* Data extracts *
----------

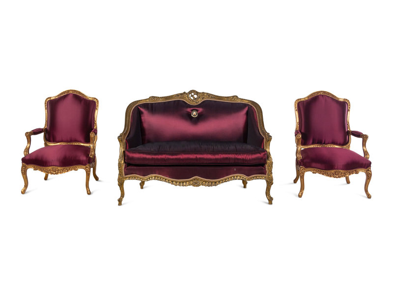A Louis XV Style Giltwood Three-Piece Seating Suite
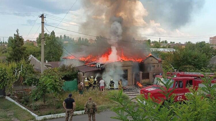 В Бахмуте пожары после обстрелов. Фото: Telegram/Павел Кириленко
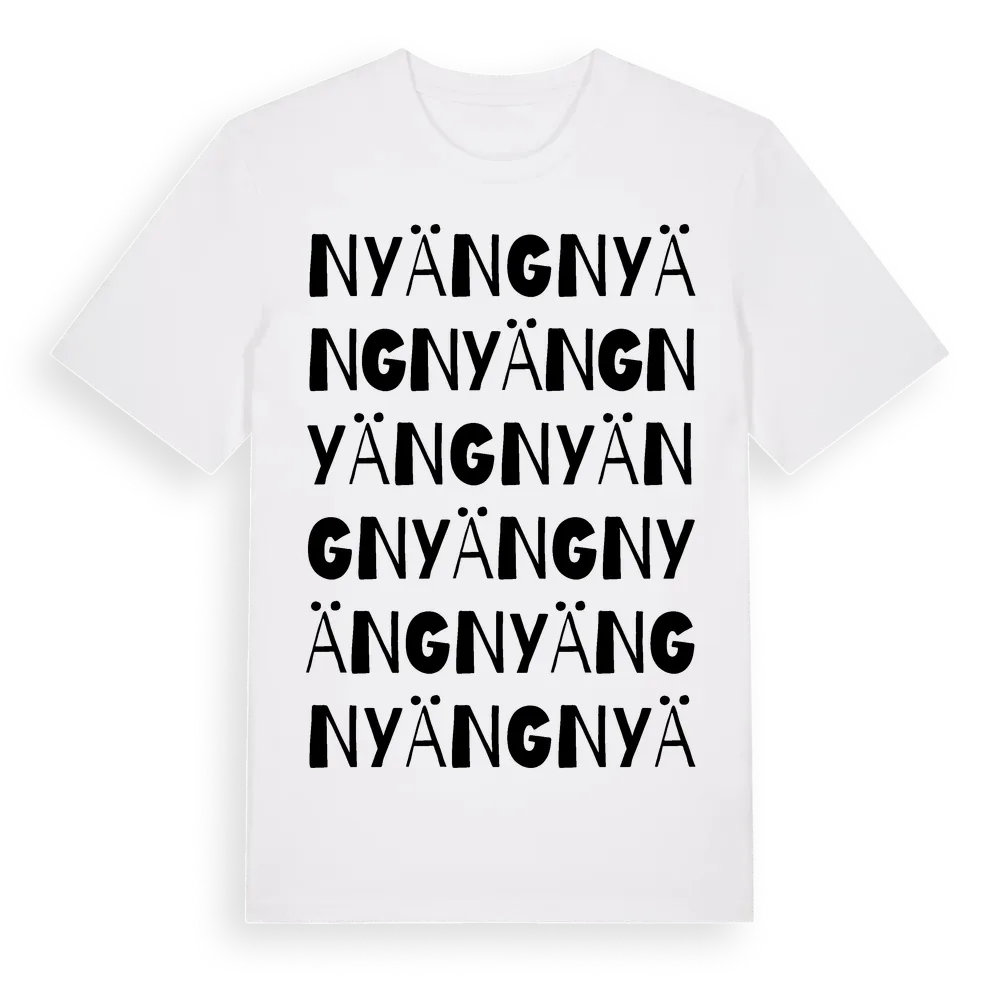 Nyäng ordlek t-shirt är inspirerad av Nyäng i Jönköpings län, Sverige. Tröjan är designad för dig som har en speciell koppling till platsen – oavsett om du bor här, har rötterna här eller bara älskar Nyäng.
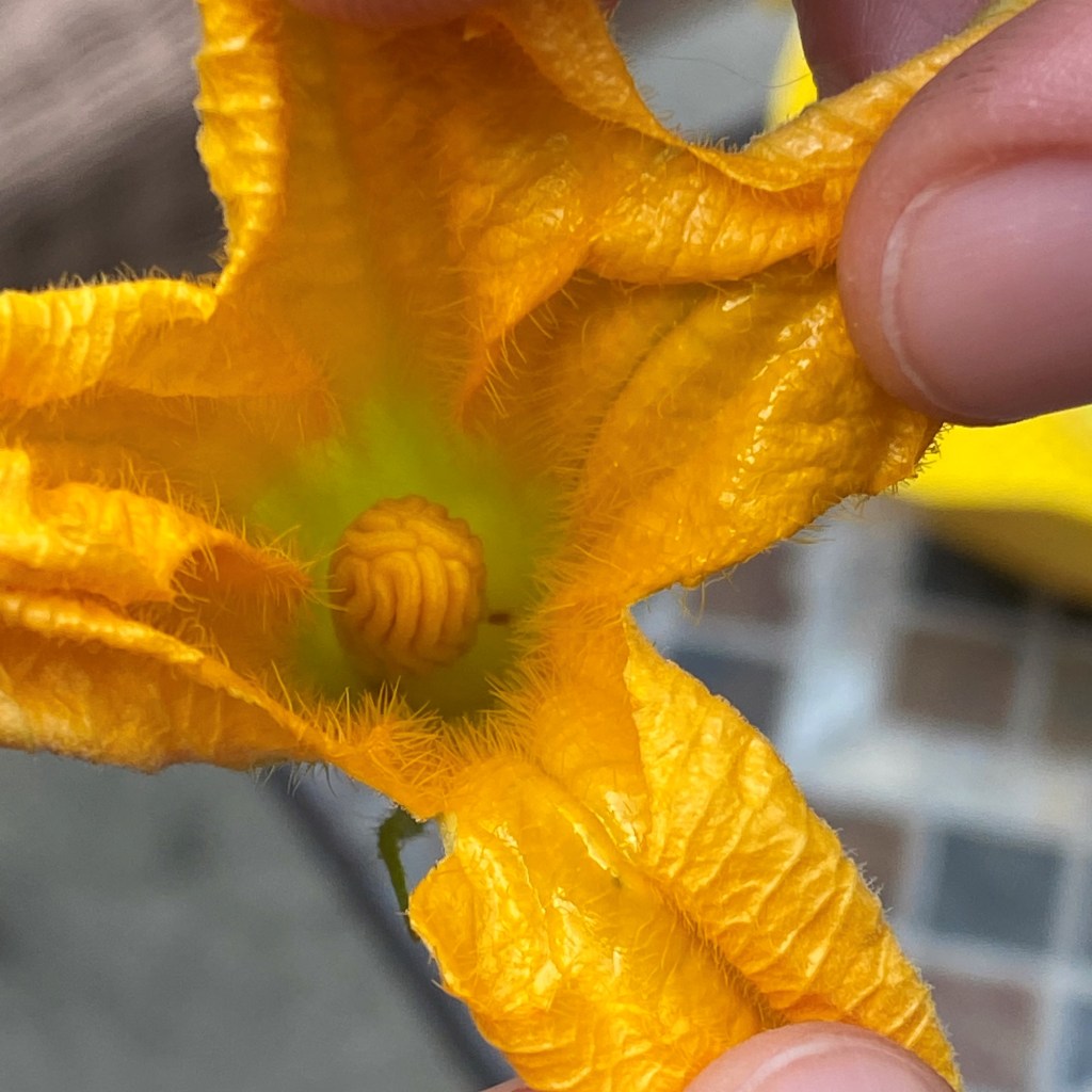 The male flower has this, um, thing inside that isn’t very appetizing. I need to reach in there and pinch to remove it.
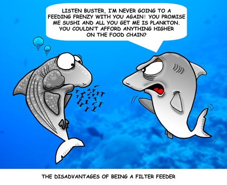 When the editor for the Journal of Experimental Biology asked me to do a cartoon on filter feeding sharks, it turns out that I had a cartoon on the subject ready to go. I added in a background of a coral reef from the work that I had performed on the island of Yap, while researching manta ray swimming.
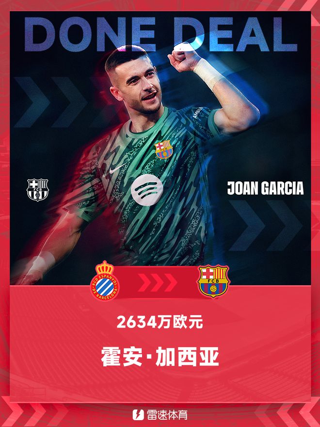 官方:巴萨签下西班牙人门将霍安·加西亚,解约金2634万欧
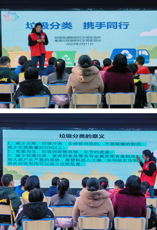 垃圾分類對于垃圾回收再利用、可持續(xù)發(fā)展具有重要意義。為培養(yǎng)社區(qū)青少年垃圾分類的好習(xí)慣,讓垃圾分類“新時(shí)尚”成為全面育人的“新實(shí)踐”。2023年2月11日上午,南京市江寧區(qū)秣陵街道秦淮社區(qū)新時(shí)代文明實(shí)踐站組織志愿者為社區(qū)青少年們開展“垃圾分類 攜手同行”主題活動。
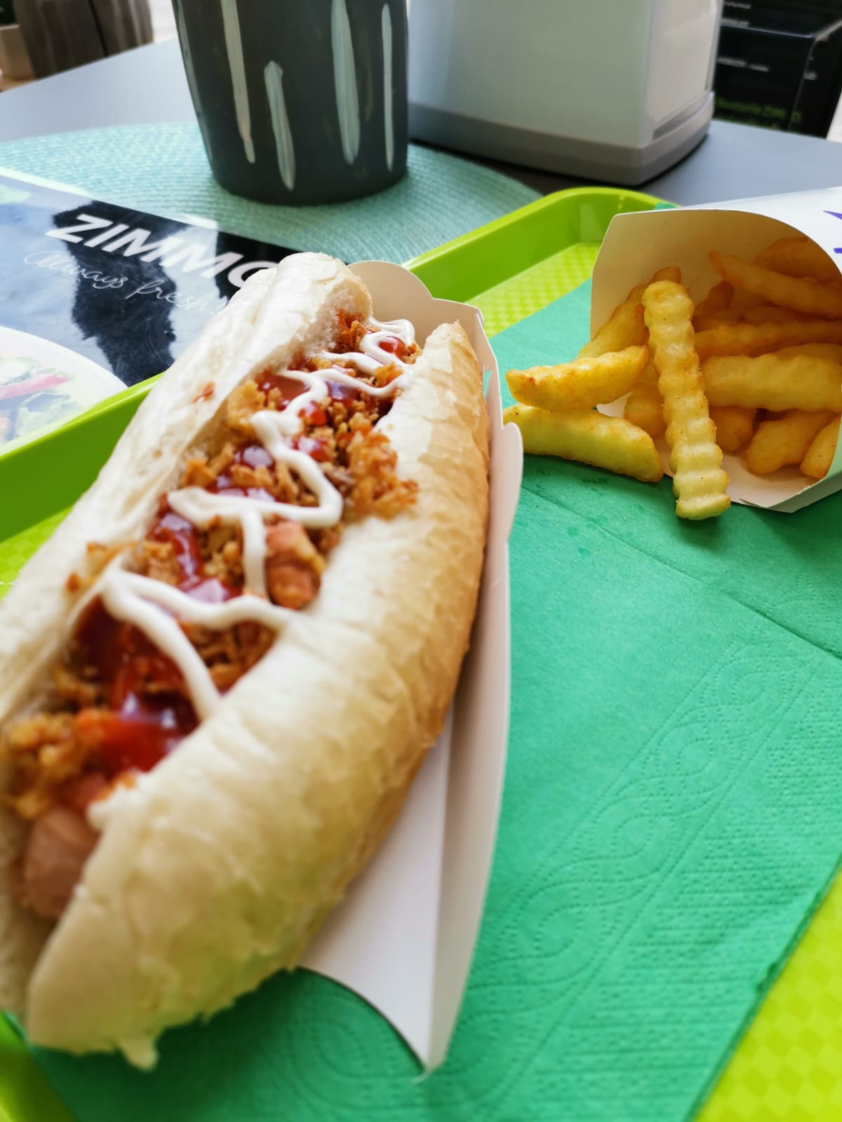 Mai mult, Zimmo surprinde cu un meniu american ce cucerește papilele gustative cu gustul autentic de peste ocean. Meniul cuprinde hot-dog-ul cu ceapă caramelizată, condimentul unic ce-i oferă gustul autentic, cartofi prăjiți condimentați cu o combinație de sare și condimente unice, care le dau un gust exploziv, și o doză de suc.
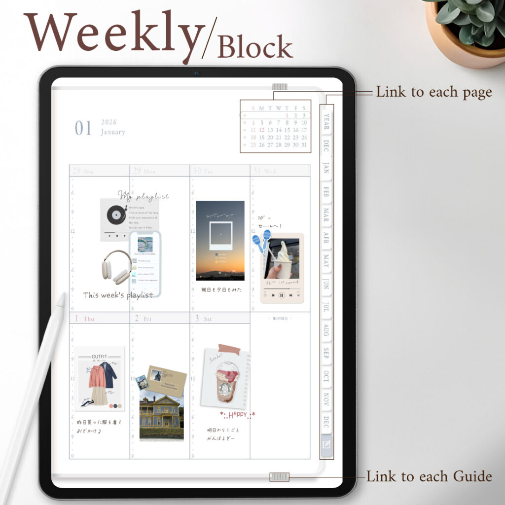 ・日付はDay、曜日はWeekにリンクしているので、どのページからも行き来し、チェックが簡単。
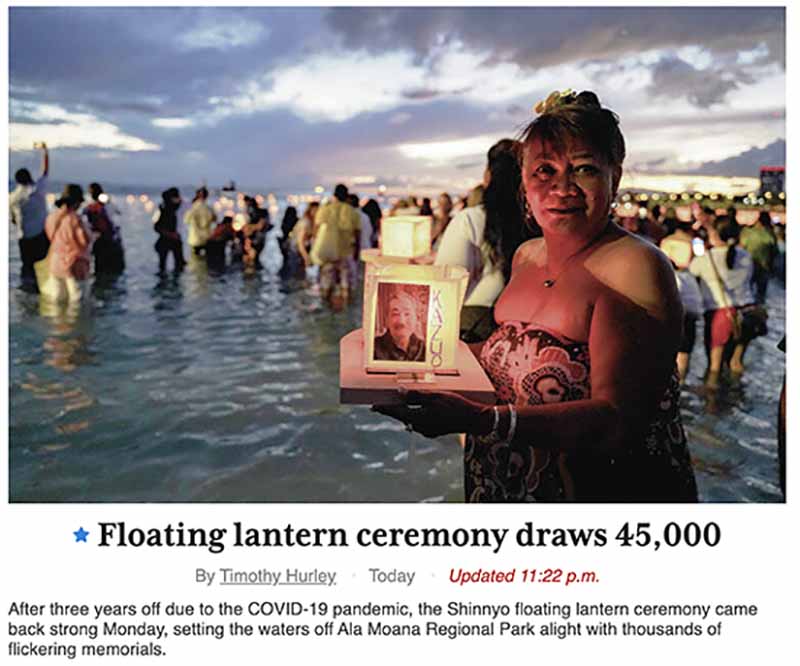 An estimated 45,000 people attended the Floating Lantern Hawai’i event last evening. All we simply request is that Shinnyo-en host their event on Sunday. How about Memorial Weekend — rather than a single day? Sunday for civilians: your grandfather, my mother, your parents. Monday reserved ONLY for Americans who died while serving in uniform.
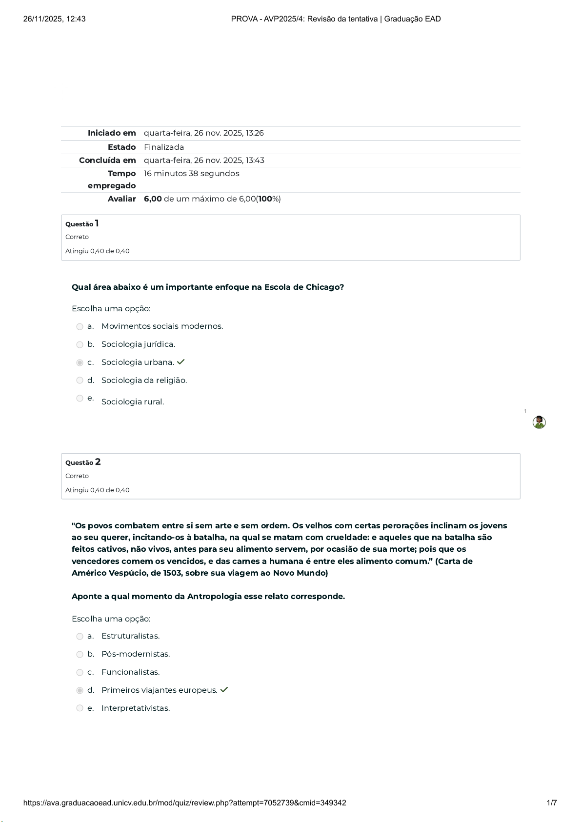 Iniciado em quarta-feira, 26 nov. 2025, 13:26 Estado Finalizada Concluída em quarta-feira, 26 nov. 2025, 13:43 Tempo empregado 16 minutos 38 segundos Avaliar 6,00 de um máximo de 6,00(100%) Questão 1 Correto Atingiu 0,40 de 0,40 Questão 2 Correto Atingiu 0,40 de 0,40 Qual área abaixo é um importante enfoque na Escola de Chicago? Escolha uma opção: a. Movimentos sociais modernos. b. Sociologia jurídica. c. Sociologia urbana. ✓ d. Sociologia da religião. e. Sociologia rural. "Os povos combatem entre si sem arte e sem ordem. Os velhos com certas perorações inclinam os jovens ao seu querer, incitando-os à batalha, na qual se matam com crueldade: e aqueles que na batalha são feitos cativos, não vivos, antes para seu alimento servem, por ocasião de sua morte; pois que os vencedores comem os vencidos, e das carnes a humana é entre eles alimento comum.” (Carta de Américo Vespúcio, de 1503, sobre sua viagem ao Novo Mundo) Aponte a qual momento da Antropologia esse relato corresponde. Escolha uma opção: a. Estruturalistas. b. Pós-modernistas. c. Funcionalistas. d. Primeiros viajantes europeus. ✓ e. Interpretativistas. 1 26/11/2025, 12:43 PROVA - AVP2025/4: Revisão da tentativa | Graduação EAD https://ava.graduacaoead.unicv.edu.br/mod/quiz/review.php?attempt=7052739&cmid=349342 1/7 Questão 3 Correto Atingiu 0,40 de 0,40 Questão 4 Correto Atingiu 0,40 de 0,40 Questão 5 Correto Atingiu 0,40 de 0,40 A chamada Escola de Chicago, de Sociologia, prega, entre outras coisas, a: Escolha uma opção: a. Transcendência do contexto. b. objetividade científica. ✓ c. especulação das teses científicas. d. Utilidade dos resultados. e. falsificação da hipótese. Acerca da crise democrática e dos novos modelos de democratização do Estado, assinale a alternativa correta. Escolha uma opção: a. Apesar da eficiência dos institutos de participação tradicionalmente reconhecidos, novos instrumentos, como o orçamento participativo, surgem para qualificar a democracia semidireta. b. A democracia participativa implica em uma ampliação do diálogo e da participação concreta, dispensando técnicas formais e reinserindo o povo em todos os Poderes do Estado. ✓ c. A presença de mecanismos de participação, como a iniciativa popular e o plebiscito, permitiram o engajamento do povo no cenário político, revitalizando a democracia representativa. d. A concretização das promessas estatais pelo modelo democrático permitiu o avanço para novas conquistas por meio da democracia participativa. e. A crise da democracia não passa pelos partidos políticos, que logram êxito em reafirmar a sua importância diante da impossibilidade de tomada de decisão pelo próprio povo. Trabalhando cada vez mais em sociedades de grande escala, os antropólogos desenvolveram formas inovadoras de misturar etnografia e survey. Sobre o trabalho do antropólogo, assinale a alternativa correta: Escolha uma opção: a. O método do survey aparece para suprir a necessidade de uma pesquisa mais aprofundada no dia a dia da cultura. b. O survey é um método que torna mais pessoal a pesquisa. c. O survey é um método que trabalha com amostragens. ✓ d. Como as sociedades, em alguns casos, como nas situações de fronteira, por exemplo, estão sempre em movimento, a Antropologia não pode cuidar de pesquisá-las. e. Nos dias atuais a observação direta não é mais utilizada como método de pesquisa. 1 26/11/2025, 12:43 PROVA - AVP2025/4: Revisão da tentativa | Graduação EAD https://ava.graduacaoead.unicv.edu.br/mod/quiz/review.php?attempt=7052739&cmid=349342 2/7 Questão 6 Correto Atingiu 0,40 de 0,40 Questão 7 Correto Atingiu 0,40 de 0,40 A cultura nos ensina a expressar de forma particular as demandas biológicas naturais que compartilhamos com outros animais. Sobre a cultura, de acordo com a obra Um espelho para a humanidade: uma introdução à Antropologia Cultural, de C. P. Kottak, que serve de texto-base para esta Unidade de Aprendizagem, marque a alternativa INCORRETA: Escolha uma opção: a. O ser humano herdou dos macacos a vida social em grupos. b. A possibilidade de cultura do ser humano remonta aos primeiros produtores de artefatos. c. Os humanos são os únicos animais que se utilizam de artefatos com alguma finalidade. ✓ d. A capacidade humana de segurar objetos e a destreza com as mãos indica que nossos ancestrais viveram em árvores. e. O termo hominídeo é utilizado para todas as espécies humanas já existentes. Para Weber o desenvolvimento da sociedade moderna foi acompanhado por importantes mudanças de ação social, o que levou a um afastamento de crenças tradicionais fundamentadas em superstição, religião, costumes e hábitos antigos. Assinale a afirmativa que corresponde ao fato/pensamento que motivou este afastamento: Escolha uma opção: a. A ordem social. b. O feudalismo. c. A racionalização. ✓ d. A Revolução Francesa. e. O protestantismo. 1 26/11/2025, 12:43 PROVA - AVP2025/4: Revisão da tentativa | Graduação EAD https://ava.graduacaoead.unicv.edu.br/mod/quiz/review.php?attempt=7052739&cmid=349342 3/7 Questão 8 Correto Atingiu 0,40 de 0,40 Questão 9 Correto Atingiu 0,40 de 0,40 Acerca do caráter científico da Ciência Política, está correto afirmar que: Escolha uma opção: a. a Ciência Política pode ser considerada ciência, posto que o seu estudo permite a identificação de categorias e conceitos imutáveis entre as gerações. b. a Ciência Política pode ser considerada ciência, já que permite, mesmo sem uma organização, identificar regras políticas generalizáveis e válidas para diferentes regimes políticos. c. a Ciência Política não pode ser considerada ciência, na medida em que o seu conhecimento está sujeito a constantes e visíveis variações entre as gerações. d. a Ciência Política pode ser considerada ciência justamente porque proporciona um estudo das relações de causa e efeito, ainda que decorrentes das rela
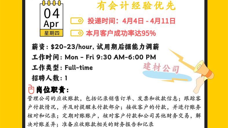 【168新岗】多伦多建材公司公司招聘Accounts Receivable Clerk 1名
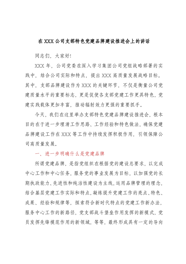 / 在XXX公司支部特色党建品牌建设推进会上的讲话
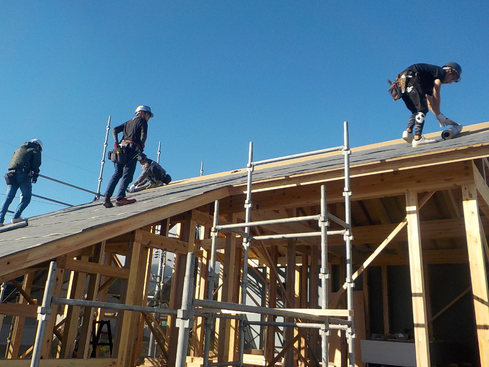 サイティング貼りも終わり、樋工事も終わりましたので、建物の外周になった足場を取り外し、お家全体が見えるようになりました♩
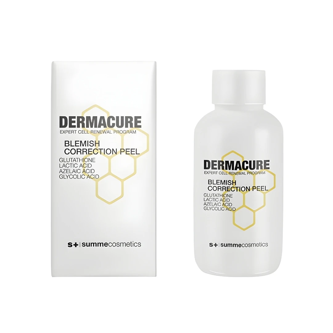 A Summe Cosmetics Blemish Correction Peel egy hatékony pigmentkorrekciós, depigmentáló kémiai hámlasztás, amely megszakítja a melanin-termelés láncolatát, ezáltal megelőzi az újabb foltok kialakulását és világosítja a meglévő elszíneződéseket.
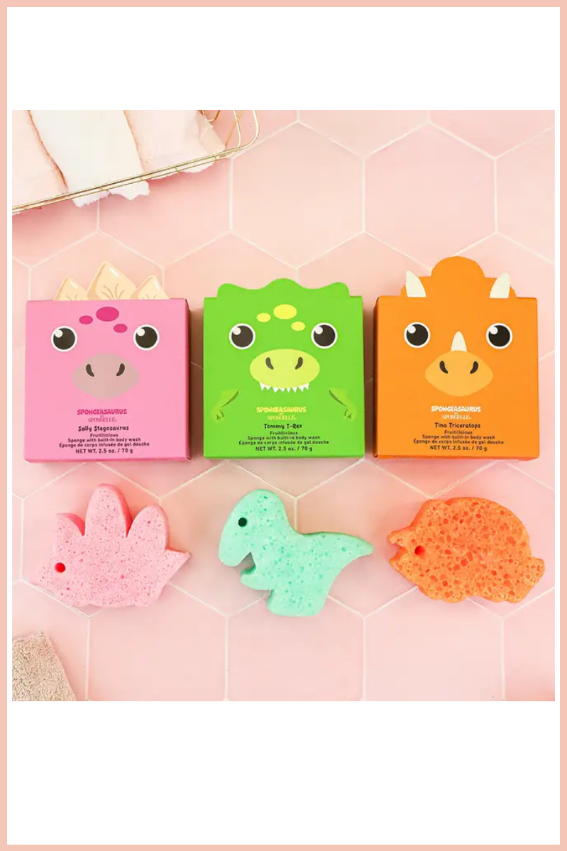 Turn bath time into a fun and educational experience with Spongellé®'s Spongeasaurus Collection. Featuring Tommy T-Rex, Tina Triceratops, and Sally Stegosaurus sponges with fruity scents that will make cleaning a joy for your little one. Packaged in unique gift boxes, these prehistoric creatures will spark their imagination!

----------

* Exercise *
Would you set down only the lines above from the line with "Receivable Clerk 1名" to the line with "サイティング貼りも終わり、樋", both included, exactly as they stand and without the pictures?

* Result below *
 【168新岗】多伦多建材公司公司招聘Accounts Receivable Clerk 1名
 / 在XXX公司支部特色党建品牌建设推进会上的讲话
 サイティング貼りも終わり、樋工事も終わりましたので、建物の外周になった足場を取り外し、お家全体が見えるようになりました♩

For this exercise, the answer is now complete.